At the same time, AI is transforming how knowledge is created and shared. Because these tools dramatically increase productivity, a paper that once demanded a month to write might now be completed in a week. This has clear benefits: it lowers barriers to publishing, enables more people to contribute ideas, and speeds up the dissemination of knowledge.
But it also introduces a new challenge. If everyone can produce content faster, the digital landscape will become even more saturated. Individual articles may struggle for visibility. Some writers may feel disheartened—especially if their thoughtful work goes unnoticed despite the effort invested.
I believe this will give rise to a new kind of divide: between those who wield AI skillfully and those who don’t, but also between those churning out content for volume’s sake and those driven by genuine passion for their subject.

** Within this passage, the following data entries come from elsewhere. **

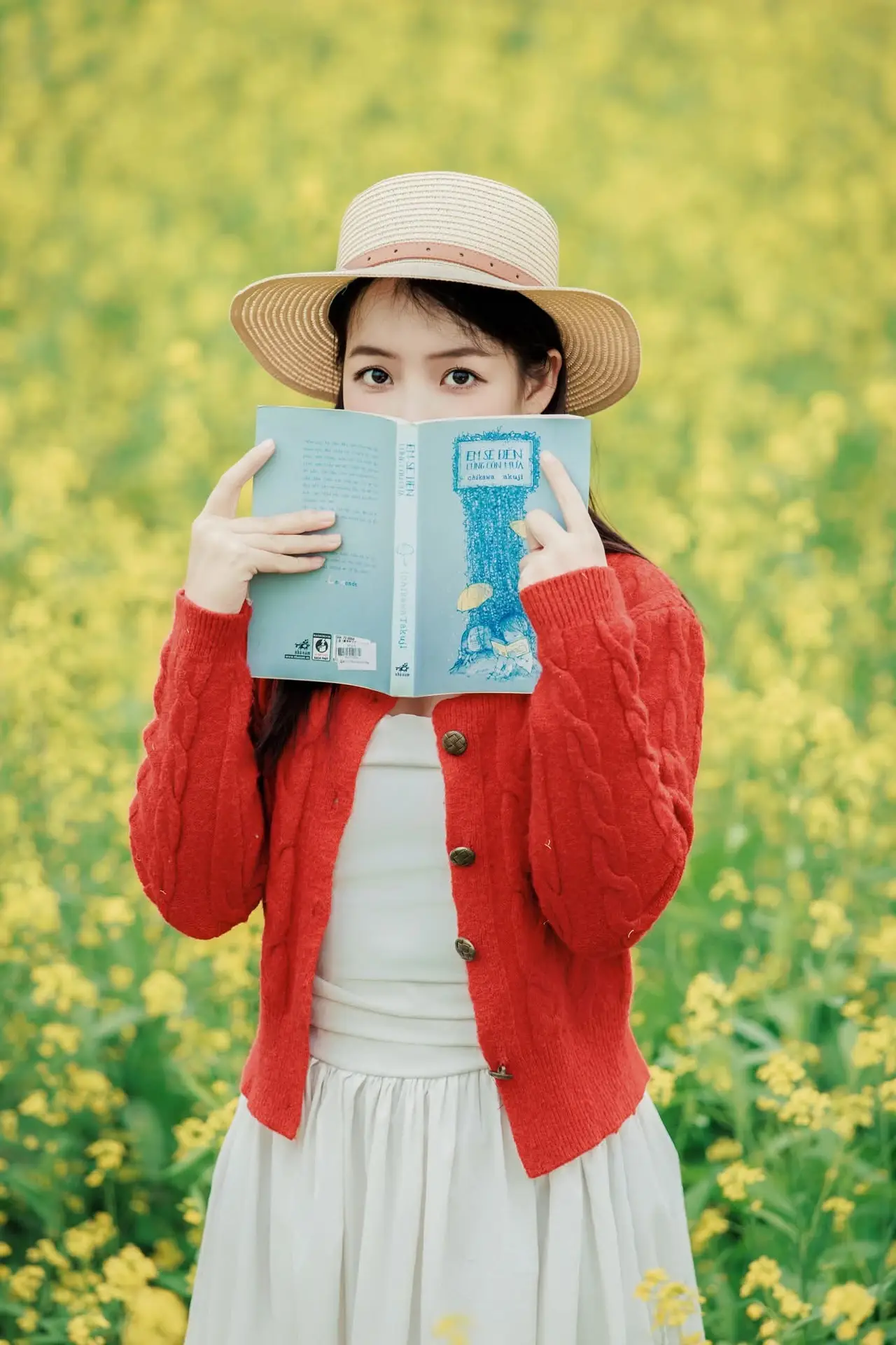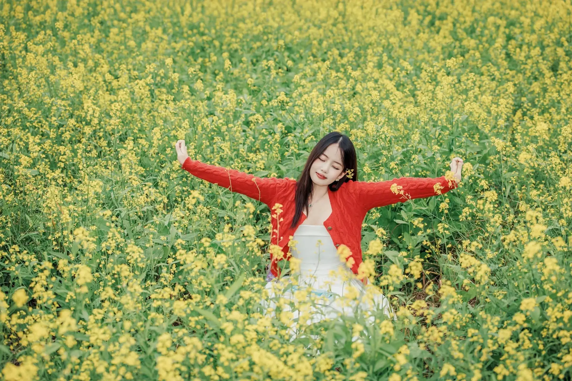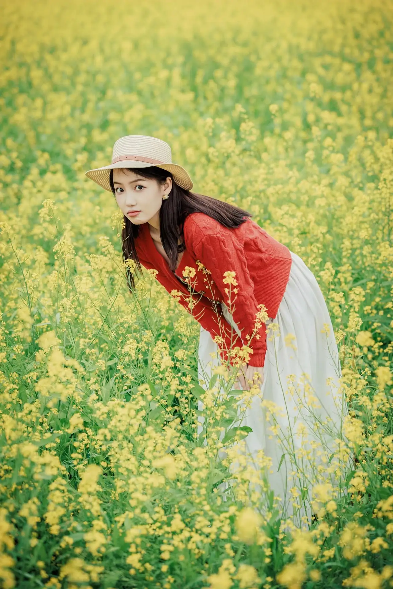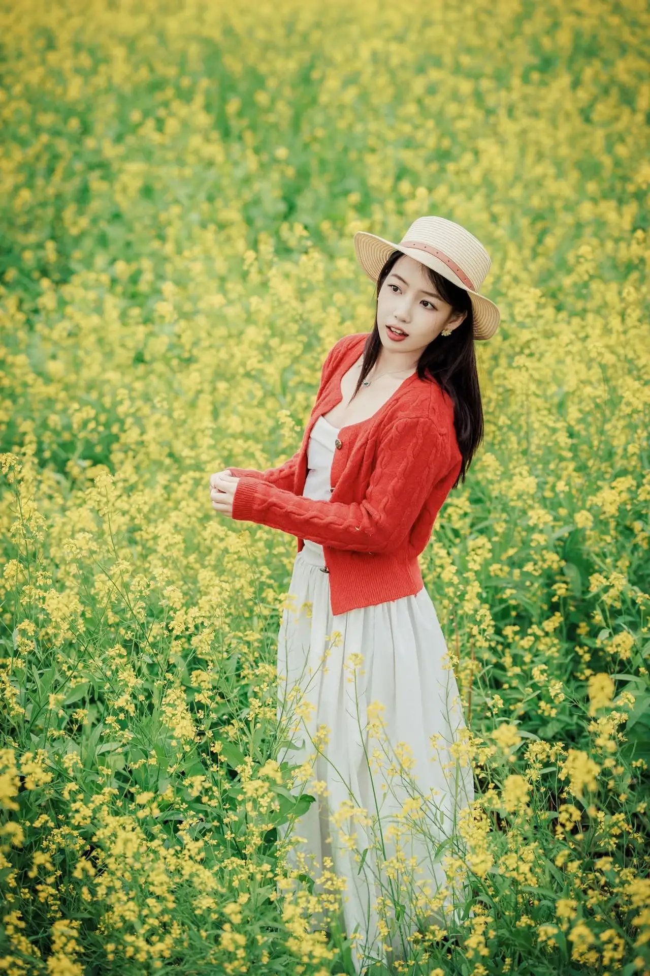 This captivating image portrays a beautiful young woman immersed in a vast, vibrant field of yellow rapeseed flowers bathed in the spring sunshine. Dressed in a cozy red knitted cardigan and a chic straw hat, she radiates a gentle, pure, and poetic beauty. Her thoughtful gaze, coupled with her holding a small book and a delicate yellow flower, adds a layer of romance and depth to the entire scene. This picture symbolizes youthful charm, new vitality, and a complete immersion into the fresh nature of springtime. The harmonious blend of the girl's attire and the radiant golden hues of the rapeseed blossoms creates a peaceful, emotional, and thought-provoking moment.#GirlInFlowers #RapeseedField #SpringBeauty #GentleCharm #YouthfulVibes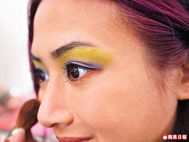 可選對比強烈的色彩,如深紫撞黃、黑撞銀等,方法是將眼窩分兩部份,眼線對上塗一種色,眼線位又塗另一種,下眼線亦可以再配其他色。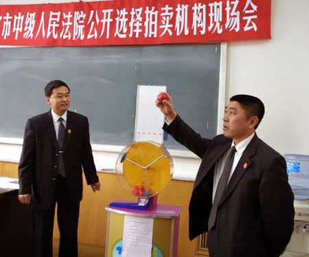4月3日,在哈爾濱市中級法院選擇拍賣機構(gòu)現(xiàn)場會上,四起案件的申請執(zhí)行人用搖號的方式選擇拍賣機構(gòu)。用搖號方式選擇拍賣機構(gòu)在黑龍江省內(nèi)法院尚屬首次,使強制執(zhí)行標(biāo)的物的拍賣工作變得更加陽光透明。
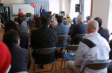 Sachiyoさんの透明感あふれるやさしい歌声とアジア色豊かな演奏に出席者の皆さんが耳を傾けていました。また、コンサートの合間にシンガポールの紅茶やお菓子、蘭の花が配られ、参加した皆と楽しい話に花が咲き、大変心温まる時間となりました。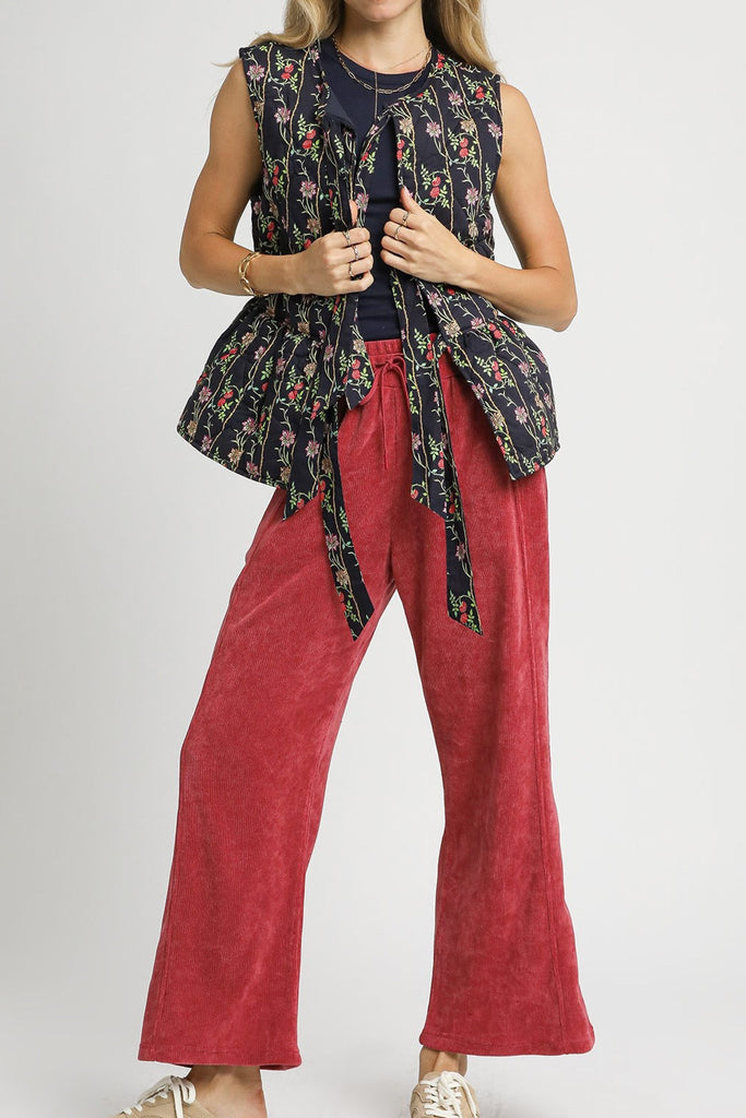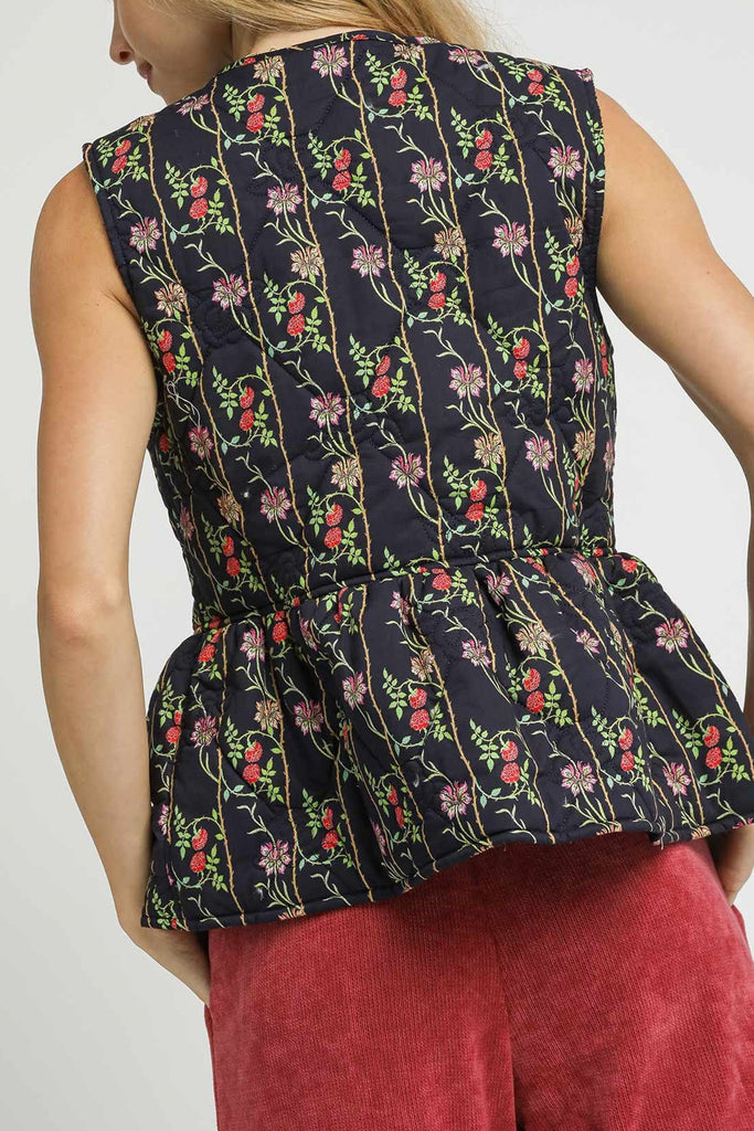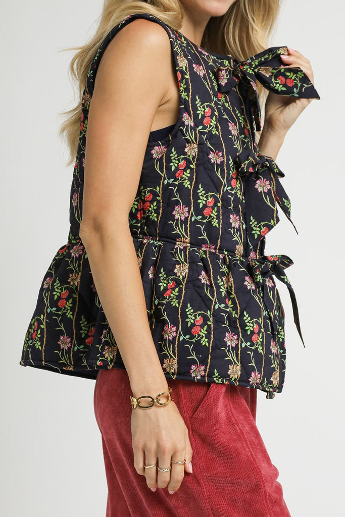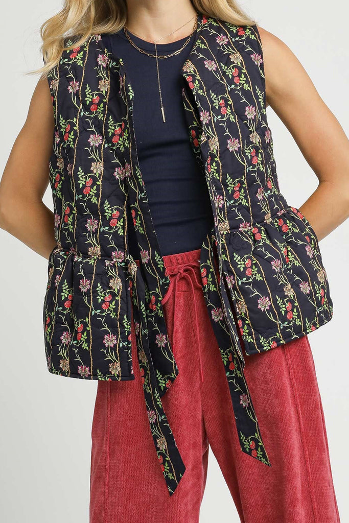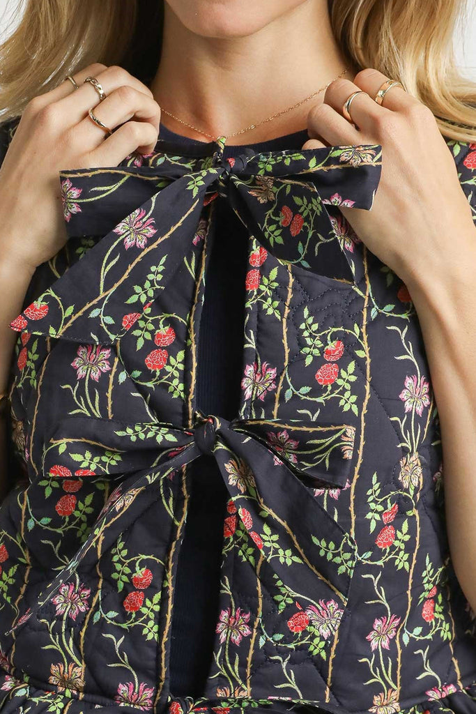 Personify Shopspecial quilted vest in navy blue with a romantic floral pattern. peplum-style vest features a crew neckline, trendy front tie details, a ruffled bottom hem, and a relaxed fit. vest can be worn open or tied closed, and it makes a sweet layer to bring into the fall and winter.

In the long term, I’m convinced the people who endure will be the intellectually curious—the ones who seek to learn, think deeply, and share insights with sincerity. AI may accelerate writing, but it will never replace curiosity, discipline, or the desire to contribute something meaningful.
References
Winberg, D., Tsai, E., Tang, T., Xuan, D., Marchi, N., & Shi, L. (2026). Can AI write your code? A case study of chatgpt’s statistical coding capabilities for quantitative research. Health Economics Review.